Installation can be through pypi or conda/mamba (reccomended).

Install through pypi with

pip install crossfilt

or conda with

conda install bioconda::crossfilt

This will create three scripts for implementing our method: crossfilt-lift, crossfilt-filter and crossfilt-split.

We have included a test script and input files to verify that your installation is working corretly. To run this, clone this repository, navigate to the test directory and run

bash test.sh

This script will lift a set ~500k reads to and then from the chimpanzee genome, then check if they return the same original coordinates. On our system it takes about 2 minutes to run on a single thread.
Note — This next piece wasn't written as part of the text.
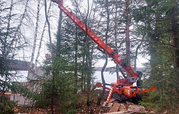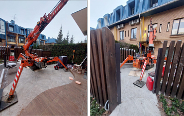 Мини-кран обычно предназначен для подъема и опускания грузов. Но на этом объекте наша техника справилась с нестандартными задачами.

If things work properly it should finish with the message "460826 (100.0%) successfully matched"

Tools

crossfilt-lift

usage: crossfilt-lift [-h] -i INPUT -o OUTPUT -c CHAIN -t TARGET_FASTA -q QUERY_FASTA [-p] [-b] [--version]
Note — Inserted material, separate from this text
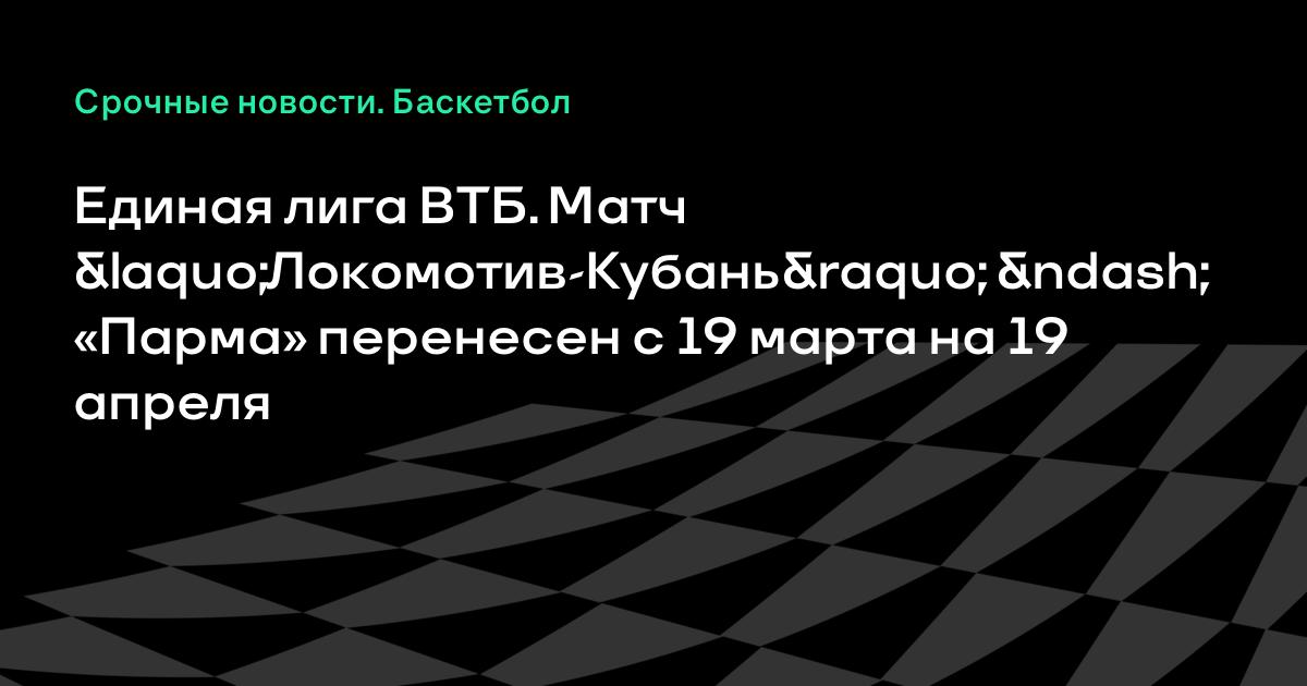 Матч регулярного чемпионата Единой лиги ВТБ «Локомотив-Кубань» – «Парма» перенесен с 19 марта на 19 апреля, сообщает официальный сайт краснодарцев.
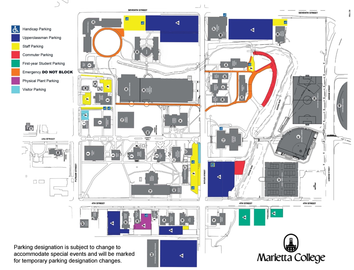 - All parking lots are the property of Marietta College and are designated as faculty/staff lots or student lots. Vehicles parked in all Marietta College parking lots must display a valid parking permit.

Converts genome coordinates and nucleotide sequence for othologous segments in a BAM file

options:
  -h, --help            show this help message and exit
  -i INPUT, --input INPUT
                        The input BAM file to convert
  -o OUTPUT, --output OUTPUT
                        Name prefix for the output file
  -c CHAIN, --chain CHAIN
                        The UCSC chain file
  -t TARGET_FASTA, --target-fasta TARGET_FASTA
                        The genomic sequence of the target (the species we are converting from)
  -q QUERY_FASTA, --query-fasta QUERY_FASTA
                        The genomic sequence of the query (the species we are converting to)
  -p, --paired          Add this flag if the reads are paired
  -b, --best            Only attempt to lift using the best chain
  --version             show program's version number and exit

This tool will lift reads from the target genome to the query genome using the provided chain file and genomes. It must be run on sorted and indexed bam files, so if the file is not sorted please do so using samtools sort and samtools index. It is compatible with single and paired end reads, which can be specified by the --paired flag. The output is written to a bam file specified by the output prefix flag. For simple RNA-seq experiments these reads can then be converted back to fastq for realignment using samtools fastq. We have also used this on 10x genomics single-cell data using the 'bamtofastq' script provided by 10x genomics.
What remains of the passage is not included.